Where does the string "with" appear? Copy every line of the entries below that holds it.

**Stored entries:**
..........

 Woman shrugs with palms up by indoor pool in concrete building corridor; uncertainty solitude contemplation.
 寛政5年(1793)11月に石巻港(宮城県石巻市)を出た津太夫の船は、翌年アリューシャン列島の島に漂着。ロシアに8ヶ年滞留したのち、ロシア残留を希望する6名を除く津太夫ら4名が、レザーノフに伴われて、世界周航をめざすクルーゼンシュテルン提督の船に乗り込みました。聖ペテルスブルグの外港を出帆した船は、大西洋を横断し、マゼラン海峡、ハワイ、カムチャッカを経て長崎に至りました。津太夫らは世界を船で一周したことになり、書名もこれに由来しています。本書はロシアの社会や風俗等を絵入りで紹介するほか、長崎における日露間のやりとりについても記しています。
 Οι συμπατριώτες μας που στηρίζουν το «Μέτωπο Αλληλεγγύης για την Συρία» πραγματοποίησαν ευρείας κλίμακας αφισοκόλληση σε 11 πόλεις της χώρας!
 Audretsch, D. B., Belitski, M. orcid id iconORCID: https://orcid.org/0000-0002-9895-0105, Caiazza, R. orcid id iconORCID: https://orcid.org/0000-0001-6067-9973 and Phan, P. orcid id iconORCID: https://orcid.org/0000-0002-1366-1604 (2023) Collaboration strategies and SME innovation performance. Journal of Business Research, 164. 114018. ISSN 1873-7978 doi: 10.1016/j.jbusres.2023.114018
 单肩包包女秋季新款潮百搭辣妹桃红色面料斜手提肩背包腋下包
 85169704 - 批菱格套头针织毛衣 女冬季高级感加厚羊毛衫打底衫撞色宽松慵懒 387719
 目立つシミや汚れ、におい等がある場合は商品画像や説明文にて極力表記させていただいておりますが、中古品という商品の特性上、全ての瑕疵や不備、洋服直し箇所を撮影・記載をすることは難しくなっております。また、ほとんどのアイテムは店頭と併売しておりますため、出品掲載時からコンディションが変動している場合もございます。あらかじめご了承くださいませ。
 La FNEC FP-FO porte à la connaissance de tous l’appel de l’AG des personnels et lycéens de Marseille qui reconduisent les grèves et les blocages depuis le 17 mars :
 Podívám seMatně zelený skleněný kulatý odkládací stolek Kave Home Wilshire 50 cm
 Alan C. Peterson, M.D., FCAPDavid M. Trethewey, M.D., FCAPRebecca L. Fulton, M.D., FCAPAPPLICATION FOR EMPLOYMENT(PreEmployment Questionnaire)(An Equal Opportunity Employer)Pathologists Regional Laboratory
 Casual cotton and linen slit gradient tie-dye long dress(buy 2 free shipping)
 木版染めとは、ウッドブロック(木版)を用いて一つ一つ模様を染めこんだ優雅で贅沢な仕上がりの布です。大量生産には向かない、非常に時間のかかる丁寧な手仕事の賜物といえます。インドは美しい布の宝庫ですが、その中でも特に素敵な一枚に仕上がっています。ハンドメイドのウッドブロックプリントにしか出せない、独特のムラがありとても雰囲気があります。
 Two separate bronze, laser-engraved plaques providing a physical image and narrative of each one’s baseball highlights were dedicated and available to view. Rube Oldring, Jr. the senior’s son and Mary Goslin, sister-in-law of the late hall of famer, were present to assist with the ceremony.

..........

**Exercise response:**
 Woman shrugs with palms up by indoor pool in concrete building corridor; uncertainty solitude contemplation.
 Two separate bronze, laser-engraved plaques providing a physical image and narrative of each one’s baseball highlights were dedicated and available to view. Rube Oldring, Jr. the senior’s son and Mary Goslin, sister-in-law of the late hall of famer, were present to assist with the ceremony.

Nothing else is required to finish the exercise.